>>
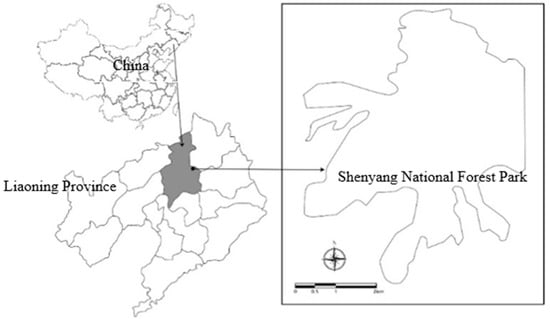 Shenyang is located in the central part of Liaoning Province and is the capital city of Liaoning Province (41°11′45″–43°3′13″ N, 122°25′9″–123°48′24″ E). Shenyang National Forest Park is in the peri-urban area of the city of Shenyang. The 933.3 ha forest park consists of hotels, restaurants, picking farms, and an international ski resort. It is covered by 577 ha of natural secondary forest, and tourists can enter the scenic area by car and bus. In 2019, almost 190,000 tourists visited the park, 72% of which came from Shenyang and surrounding cities (see Figure 1).
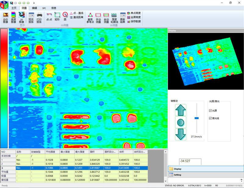商品名称: 3D锡膏厚度测试仪 商品编号: 3D SPI 6500 一、产品功能 1、友好的编程界面。 2、多种测量方式 3、扫描间距可调 4、形象的3D模拟功能 5、独立的3D动态观察器 6、强大的SPC功能 7、可测量丝印及铜皮厚度二、产品特色 1.采用原装德国进口高清彩色相机,保证测试的高精度和高稳定性。 2.采用军用级别的二级激光,受外界环境光源干扰小,更加稳定寿命更长。 3.采用灵活的硬件设计,光源、激光和相机,可对不同颜色的PCB板进行测试。 4.软件分析条件基于数据库,根据分析条件实现预警功能,直观易懂。 5.强大的报表分析功能,自动生成R-Chart,X-Ba
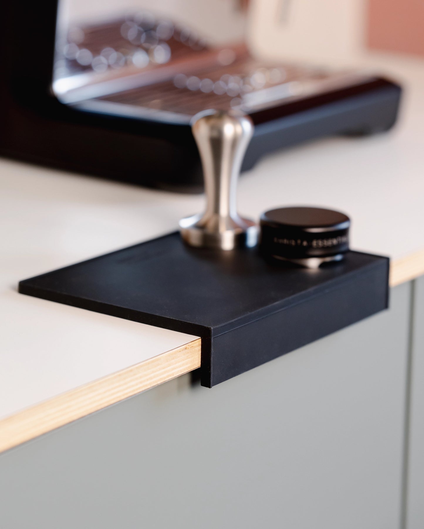 Dit moest snel anders, en dus gingen we bij Barista-Essentials op zoek naar een oplossing. We vonden veel tamping matten in de gekste vormen en met speciale ruimtes voor je tamper (alsof je geen andere barista tools hebt).
<<
First drop every picture, then print the data above exactly as it stands.

• Solved problem:
 Shenyang is located in the central part of Liaoning Province and is the capital city of Liaoning Province (41°11′45″–43°3′13″ N, 122°25′9″–123°48′24″ E). Shenyang National Forest Park is in the peri-urban area of the city of Shenyang. The 933.3 ha forest park consists of hotels, restaurants, picking farms, and an international ski resort. It is covered by 577 ha of natural secondary forest, and tourists can enter the scenic area by car and bus. In 2019, almost 190,000 tourists visited the park, 72% of which came from Shenyang and surrounding cities (see Figure 1).
商品名称: 3D锡膏厚度测试仪 商品编号: 3D SPI 6500 一、产品功能 1、友好的编程界面。 2、多种测量方式 3、扫描间距可调 4、形象的3D模拟功能 5、独立的3D动态观察器 6、强大的SPC功能 7、可测量丝印及铜皮厚度二、产品特色 1.采用原装德国进口高清彩色相机,保证测试的高精度和高稳定性。 2.采用军用级别的二级激光,受外界环境光源干扰小,更加稳定寿命更长。 3.采用灵活的硬件设计,光源、激光和相机,可对不同颜色的PCB板进行测试。 4.软件分析条件基于数据库,根据分析条件实现预警功能,直观易懂。 5.强大的报表分析功能,自动生成R-Chart,X-Ba
 Dit moest snel anders, en dus gingen we bij Barista-Essentials op zoek naar een oplossing. We vonden veel tamping matten in de gekste vormen en met speciale ruimtes voor je tamper (alsof je geen andere barista tools hebt).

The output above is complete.